1) I didn't realize that I had made 50 posts in my blog already. This is number fifty one. Really? What have I talked about for 50 posts? Maybe i'll celebrate when I get to 100. Strike that - that's pushing pathetic.
2) I was driving to work today when I suddenly realized how poor the allignment of my car is. How is it that I didn't realize for however long that I need to hold my steering wheel a few degrees to the left in order to keep it driving straight? I've been so mentally consumed with the fact that it almost stalls out at every stoplight to notice that it doesn't even drive in a straight line when the wheel is unattended. I realize a little bit of a curve is probably natural. But this isn't exactly "slight." We're talking some serious "veering" to the right if I let go of the wheel. How is it possible that I did not notice this? Then my thoughts turn to the amount tension my left wrist has been withstanding for however long as I hold the steering wheel in place, to the left of center. (I also noticed that I tend to hold the steering wheel with my left hand - or at least hold it in place with my left while texting, curling my hair, applying lipgloss, and baking a cake with my right. JOKES.)
But then, naturally, on my way to work at 7:45 in the morning, I start thinking about the amount of tension in my life that I cause or that I don't even realize I put up with. This for example - I didn't even realize that I was exerting extra energy to hold my steering wheel in the place it needed to be even while driving straight. Or this morning, I spent way too much time trying to put curl into my hair, which does not naturally enjoy being curled or staying curled. The attitude of my hair as I try to do this is nothing short of tense. "Jenna, we've been through this a million times. I'm straight. And I'm thin. And I don't like curl. You won the war of the bangs, but i'm not letting you have this one."
And then I got to work and these thoughts stop. Anti-climactic, I know. Maybe i'll process these thoughts more someday. But today is Friday.

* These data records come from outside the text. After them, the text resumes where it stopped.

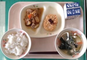 コーヒーミルク ライスボールパン 鶏肉のマスタード焼き コーンコロッケ 花野菜サラダ プチリンゴゼリー 今日は縦割り給食です。自分の空のお弁当箱に給食を詰めて、縦割り班に分かれて食べます。風が強くて教室内で喫食となり […]
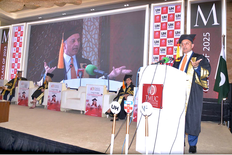 Federal Minister for Climate Change and Environmental Coordination, Senator Dr. Musadik Masood Malik, delivers the keynote speech as Chief Guest at the Graduation Ceremony of the Millennium Universal College (TMUC)
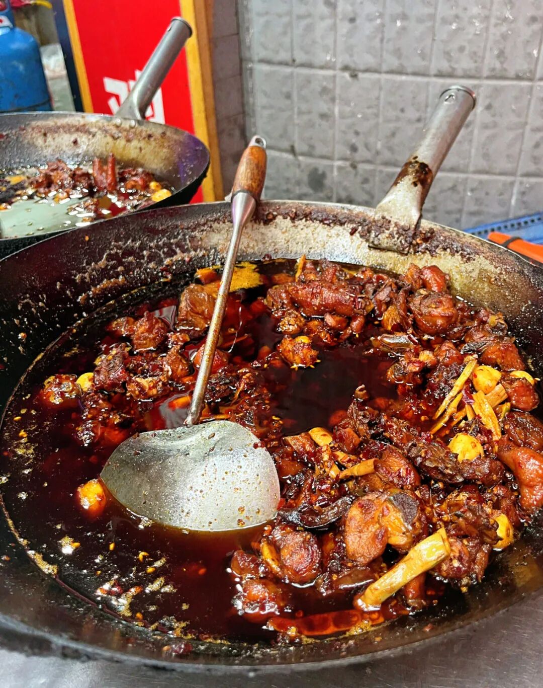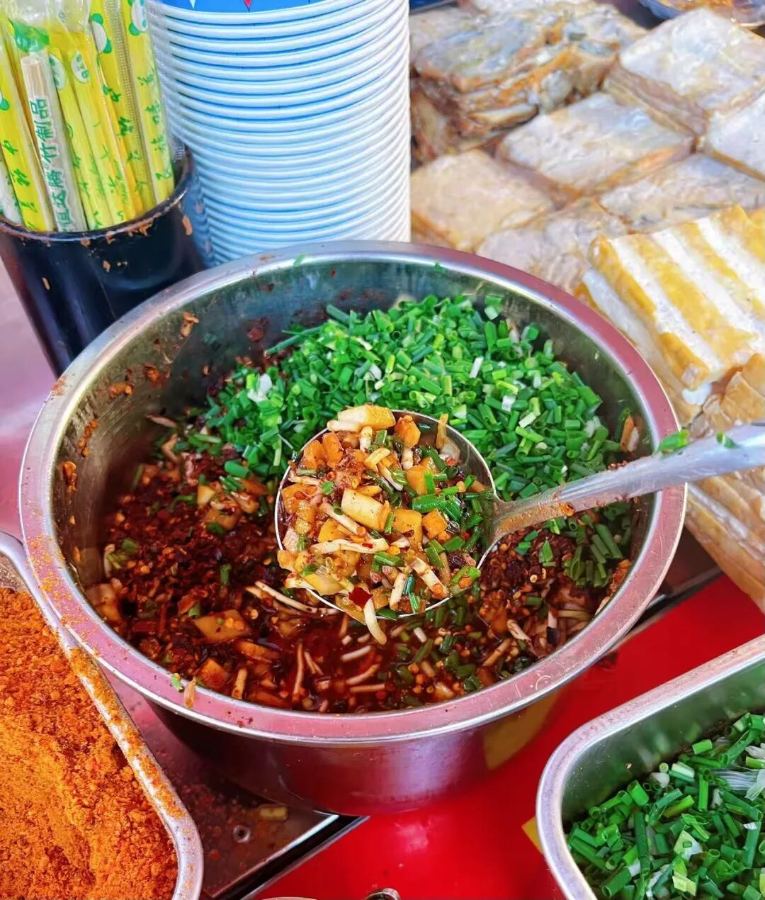 而一旁的小摊上,蛋包洋芋正在铁板上煎得滋滋作响——金黄的蛋皮包裹着绵软的土豆泥,混着折耳根和酸萝卜的脆爽,一口下去,蛋香、土豆的质朴香气和复合的酸辣在口中交融,是街头最巧妙的“包装”艺术。还有外脆内软的恋爱豆腐果、绵密香甜的洋芋粑……每一种都是风味的探险。
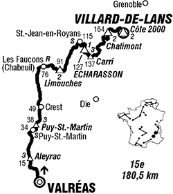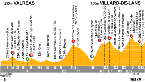 D24 Salles-sous-Bois (km 9) - D9 Côte d'Aleyrac (km 15-GPM3) - La Bégude-de-Mazenc (km 22) - Châteauneuf-de-Mazenc (près de) (km 23.5) - Charols (km 28) - Cléon d'Andran (km 30.5) - D6 Puy-Saint-Martin (km 38-sprint) - Côte de Puy-Saint-Martin (km 38-GPM3) - La Répara-Auriples (km 41.5) - D538 Lambres (km 47.5) - D888 Crest (km 49.5) - D538 Vaunaveys-la-Rochette (km 56) - La Paillette (km 63.5) - D68 Les Faucons (km 76-ravitaillement) - Peyrus (km 79.5) - Col des Limouches (km 91.5-GPM2) - D70 La Vacherie (km 94.5) - Léoncel (km 97) - Oriol-en-Royans (km 112.5) - Saint-Jean-en-Royans (km 115-sprint) - Col de l'Écharasson (km 127-GPM1) - D199 Col de Carri (km 137-GPM3) - D178 La Chapelle-en- Vercors (km 143.5) - D518 Les Baraques-en-Vercours (km 149) - D103 Saint-Martin-en-Vercors (km 153) - D221 Col de Chalimont (km 164) - (Isère) : D215c Col d'Herbouilly (km 165) - D531 Villard-de-Lans (km 176.5) - D215b Villard-de-Lans / Côte 2000 (km 180.5-GPM2).
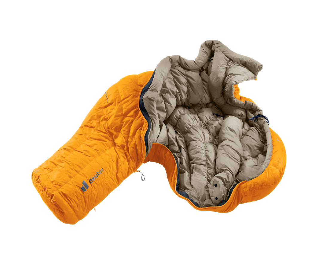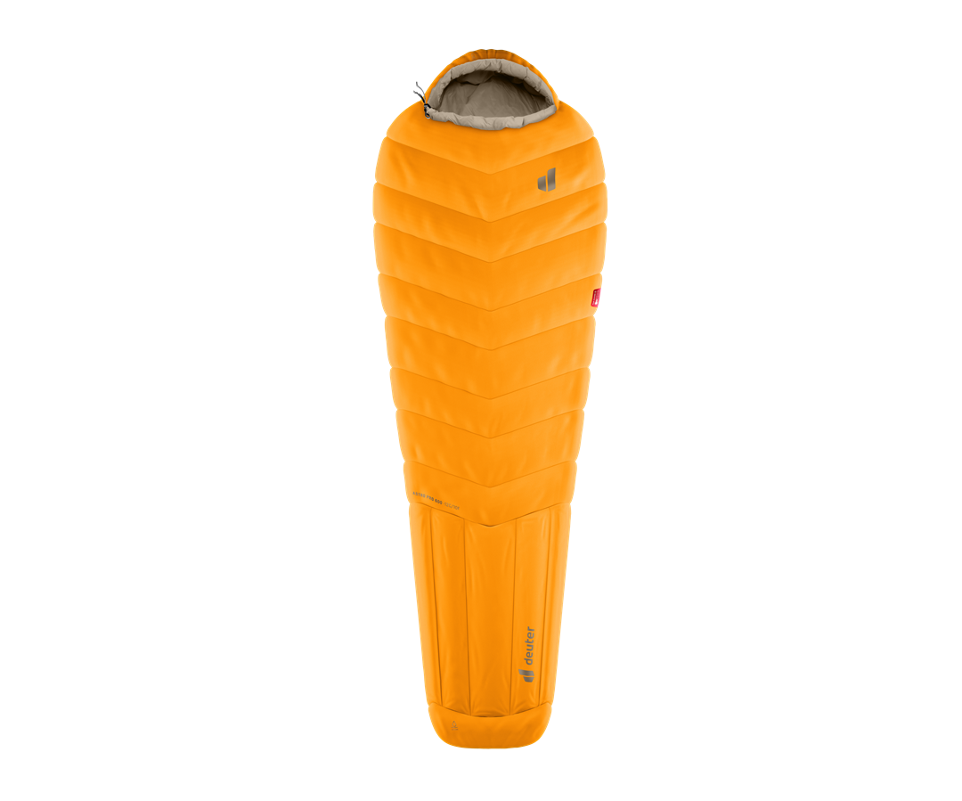 Grazie al cappuccio ThermoHood, alla costruzione PeakDesign nella parte superiore e alla segmentazione PowerBox nella zona inferiore, la piuma rimane distribuita in modo uniforme, garantendo calore costante nelle zone più sensibili. La struttura tridimensionale della zona piedi assicura inoltre maggiore libertà di movimento e comfort.
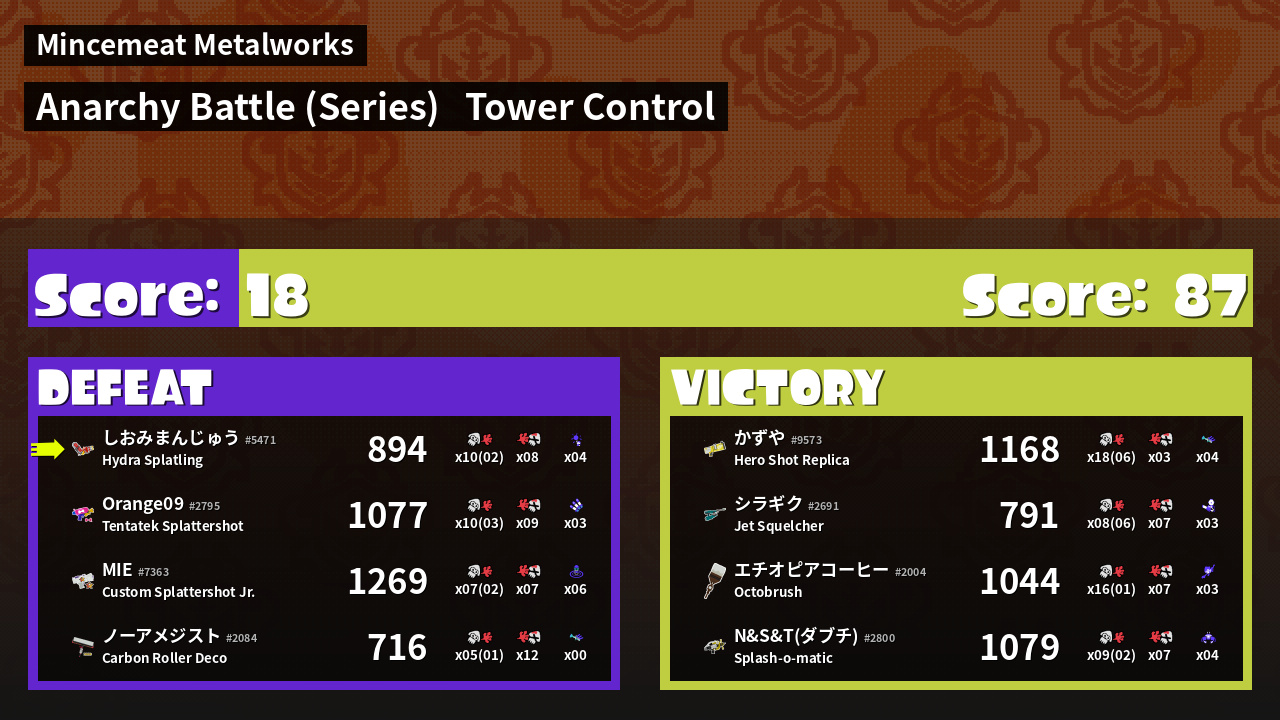 | Mode | Tower Control - Anarchy Battle (Series) | ||

3) I went to the dentist this afternoon for the first time in about 5 years. College and moving to Mass and lack of good dental insurance have caused major procrastination in this area. It was a fairly good visit, but I always leave the dentist feeling a little confused about where I stand with them. It's kind of like we just had a DTR that really didn't clarify a single thing, and I know i'm going to have to go back to resolve some details, even though there were a few really great moments in the conversation. Congrats on only having one cavity, but we might see more with the x-ray. Stay tuned. You have beautiful teeth, but please come back next week for a big needle filled with novacane and a filling. You have a little gingivitis, but no plaque! You're great at brushing, but let's work on that flossing. You have a beautiful smile, but lets rip out your wisdom teeth. Really, it's not you, it's me....
4) Pumped to be going to the theater tonight (please re-read that sentence with a snobby British accent on the word "theater" - actually, so it's more like "theataah"). Meeting up with a group of friends to go see El Schwab rock it in 2 Gents of Verona in Rockport. Pumped.